Revising your writing again? Blame the modernists.

Jamie Oliver read his first book recently. I posed a question on Facebook: if one of your friends wanted to read a book for the first time, what book (on your shelf) would you offer? Loads and loads of people made cool suggestions.

Jack Kirby comic artstravaganze: loads of his amazing double-page spreads. It’s kind of obvious why he was the King, looking at all these jammed together like this. (via Dylan)

The impossible “literacy” test once required of black voters in Louisiana. (via Nick Tipping)

Ultimate Tic-Tac-Toe. Ingenious!

Pac-Man as survival horror game (via Sonal)

My Imaginary Well-Dressed Toddler Daughter

Laurie Penny: I was a manic pixie dream girl
Asher Wolf: I was never a manic pixie dream girl
Read ’em both. (Second one via Gem Wilder.)

C-3PO rapping. How did I never know about this?

And finally, the Unipiper has upped his game… OF THRONES. This makes no sense.

8 thoughts on “American Flag Linky”

  1. Wow sounds wierd but some of that stuff about Everman reminded me of me.

    And the flags being all white, that figures. Sadly (and it won’t have lasted nearly as long) that means the colour polaroid of his family that one of the astronauts left on the surface is now the same way.
    http://www.hq.nasa.gov/alsj/a16/a16.data_trvl.html

    The other artifacts, trails and footprints though will be there essentially forever as far as human timescales are concerned unless something external disturbs them.

  2. Looking back fifty years, the 100th anniversary celebrations of the Civil War were super interesting, falling as they did at the time of the civil rights movement (which makes me realise: the answer to the N-word or cracker debate isn’t cracker after all! Huh!) The Southern states ended up trying to use it (mostly) as an anti-civil rights platform to try and reinforce their segregationist policies (the South will come again. No it won’t. Yes it will. No it won’t. WE can’t hear you, na na na na na na!) And nationally, the entire thing was a bit of a wasted opportunity. But, it did give rise to modern Civil War re-enactors.* There’s a great book on the subject by Robert Cook called Troubled Commemoration: The American Civil War Centennial, 1961-1965 (Baton Rouge, LA: University of Louisiana Press, 2007)

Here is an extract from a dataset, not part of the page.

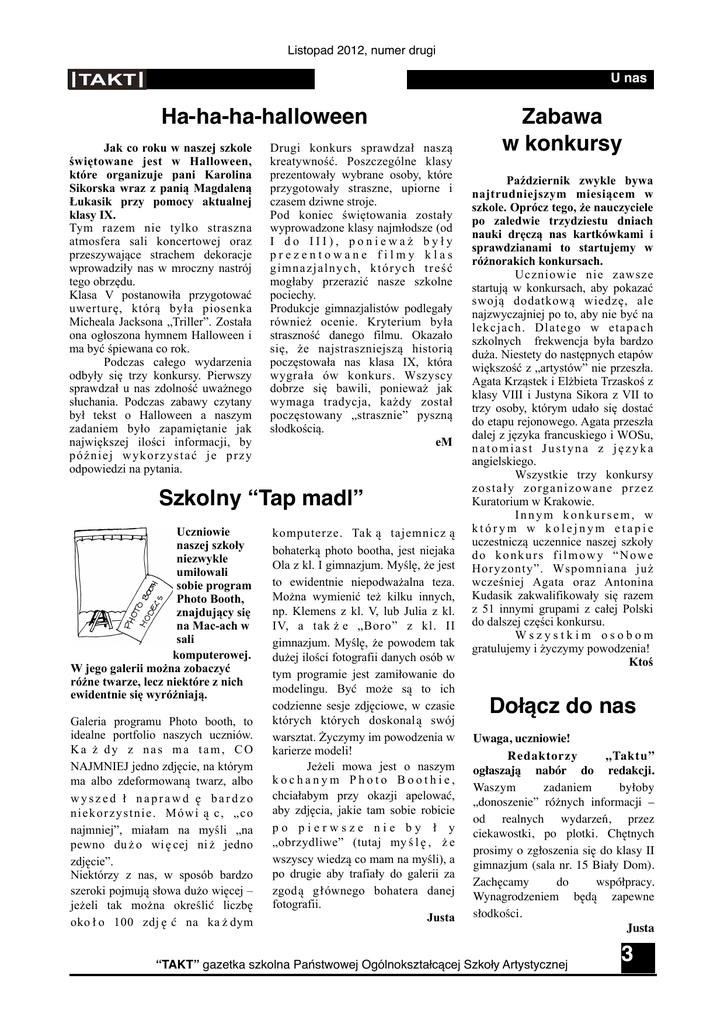 Listopad 2012, numer drugi U nas Ha-ha-ha-halloween Jak co roku w naszej szkole świętowane jest w Halloween, które organizuje pani Karolina Sikorska wraz z panią Magdaleną Łukasik przy pomocy aktualnej klasy IX. Tym razem nie tylko straszna atmosfera sali koncertowej oraz przeszywające strachem dekoracje wprowadziły nas w mroczny nastrój tego obrzędu. Klasa V postanowiła przygotować uwerturę, którą była piosenka Micheala Jacksona „Triller”. Została ona ogłoszona hymnem Halloween i ma być śpiewana co rok. Podczas całego wydarzenia odbyły się trzy konkursy. Pierwszy sprawdzał u nas zdolność uważnego słuchania. Podczas zabawy czytany był tekst o Halloween a naszym zadaniem było zapamiętanie jak największej ilości informacji, by później wykorzystać je przy odpowiedzi na pytania. Drugi konkurs sprawdzał naszą kreatywność. Poszczególne klasy prezentowały wybrane osoby, które przygotowały straszne, upiorne i czasem dziwne stroje. Pod koniec świętowania zostały wyprowadzone klasy najmłodsze (od I do III), ponieważ były prezentowane filmy klas gimnazjalnych, których treść mogłaby przerazić nasze szkolne pociechy. Produkcje gimnazjalistów podlegały również ocenie. Kryterium była straszność danego filmu. Okazało się, że najstraszniejszą historią poczęstowała nas klasa IX, która wygrała ów konkurs. Wszyscy dobrze się bawili, ponieważ jak wymaga tradycja, każdy został poczęstowany „strasznie” pyszną słodkością. eM Szkolny “Tap madl” Uczniowie naszej szkoły niezwykle umiłowali sobie program Photo Booth, znajdujący się na Mac-ach w sali komputerowej. W jego galerii można zobaczyć różne twarze, lecz niektóre z nich ewidentnie się wyróżniają. Galeria programu Photo booth, to idealne portfolio naszych uczniów. Ka ż dy z nas ma tam, CO NAJMNIEJ jedno zdjęcie, na którym ma albo zdeformowaną twarz, albo wyszed ł naprawd ę bardzo niekorzystnie. Mówi ą c, „co najmniej”, miałam na myśli „na pewno du ż o wi ę cej ni ż jedno zdjęcie”. Niektórzy z nas, w sposób bardzo szeroki pojmują słowa dużo więcej – jeżeli tak można określić liczbę oko ł o 100 zdj ę ć na ka ż dym komputerze. Tak ą tajemnicz ą bohaterką photo bootha, jest niejaka Ola z kl. I gimnazjum. Myślę, że jest to ewidentnie niepodważalna teza. Można wymienić też kilku innych, np. Klemens z kl. V, lub Julia z kl. IV, a tak ż e „Boro” z kl. II gimnazjum. Myślę, że powodem tak dużej ilości fotografii danych osób w tym programie jest zamiłowanie do modelingu. Być może są to ich codzienne sesje zdjęciowe, w czasie których których doskonalą swój warsztat. Życzymy im powodzenia w karierze modeli! Jeżeli mowa jest o naszym kochanym Photo Boothie, chciałabym przy okazji apelować, aby zdjęcia, jakie tam sobie robicie po pierwsze nie by ł y „obrzydliwe” (tutaj my ś l ę , ż e wszyscy wiedzą co mam na myśli), a po drugie aby trafiały do galerii za zgodą głównego bohatera danej fotografii. Justa Zabawa w konkursy Październik zwykle bywa najtrudniejszym miesiącem w szkole. Oprócz tego, że nauczyciele po zaledwie trzydziestu dniach nauki dręczą nas kartkówkami i sprawdzianami to startujemy w różnorakich konkursach. Uczniowie nie zawsze startują w konkursach, aby pokazać swoją dodatkową wiedzę, ale najzwyczajniej po to, aby nie być na lekcjach. Dlatego w etapach szkolnych frekwencja była bardzo duża. Niestety do następnych etapów większość z „artystów” nie przeszła. Agata Krząstek i Elżbieta Trzaskoś z klasy VIII i Justyna Sikora z VII to trzy osoby, którym udało się dostać do etapu rejonowego. Agata przeszła dalej z języka francuskiego i WOSu, natomiast Justyna z języka angielskiego. Wszystkie trzy konkursy z o s t a ł y z o rg a n i z o w a n e p r z e z Kuratorium w Krakowie. Innym konkursem, w którym w kolejnym etapie uczestniczą uczennice naszej szkoły do konkurs filmowy “Nowe Horyzonty”. Wspomniana już wcześniej Agata oraz Antonina Kudasik zakwalifikowały się razem z 51 innymi grupami z całej Polski do dalszej części konkursu. Wszystkim osobom gratulujemy i życzymy powodzenia! Ktoś Dołącz do nas Uwaga, uczniowie! Redaktorzy „Taktu” ogłaszają nabór do redakcji. Waszym zadaniem byłoby „donoszenie” różnych informacji – od realnych wydarzeń, przez ciekawostki, po plotki. Chętnych prosimy o zgłoszenia się do klasy II gimnazjum (sala nr. 15 Biały Dom). Zachęcamy do współpracy. Wynagrodzeniem będą zapewne słodkości. Justa “TAKT” gazetka szkolna Państwowej Ogólnokształcącej Szkoły Artystycznej 3

    *Interesting footnote: the first military re-enactors in the UK were actually American Civil War buffs, not – as many think – Sealed Knot type English civil war enthusiasts. The ACW re-enactors beat the Sealed Knot to the punch by about three months. Hah! Going to that conference last year did actually make me learn something!

  3. “Stuff.co.nz … amazingly enough covered this ahead of all my other much trendier sources.” Uh, Barbie is a vacuous celebrity. I’m only surprised they didn’t run her above the Egyptian coup.

    (I mean, I assume they *did* run her above the GCSB hearings.)

  4. It’s the 4th of July in the USA! To honour the occasion, make an effort to seek out and enjoy an American cultural product or consumer item.

    This made me laugh and laugh and laugh.

    Love the “I was a MPDG” article.

  5. Ivan: it’s an artist subverting a kid-culture symbol of capitalist patriarchy! That’s manna from heaven for half the blogs I follow! (And they mostly did run it eventually, too.) 🙂

    china: *hugs you once for every laugh*

  6. One single woman has a firefighter, lifeguard, a cop, a NASCAR driver, a ballerina, hairdresser, a teacher, a nurse, a doctor, a surgeon, a dentist, a vet, a paratrooper, a jet pilot, a Marine, an Ambassador for World Peace, the President of the United States of America, a UNICEF diplomat, a TV chef, an architect, a paleontologist, an astronaut, and a computer engineer among other things.

    And yet because she is thin, pretty and blonde, she gets written off as “a vacuous celebrity.”

    Oh Barbie, you are victim of the patriarchy. Time to add a new vocation: feminist.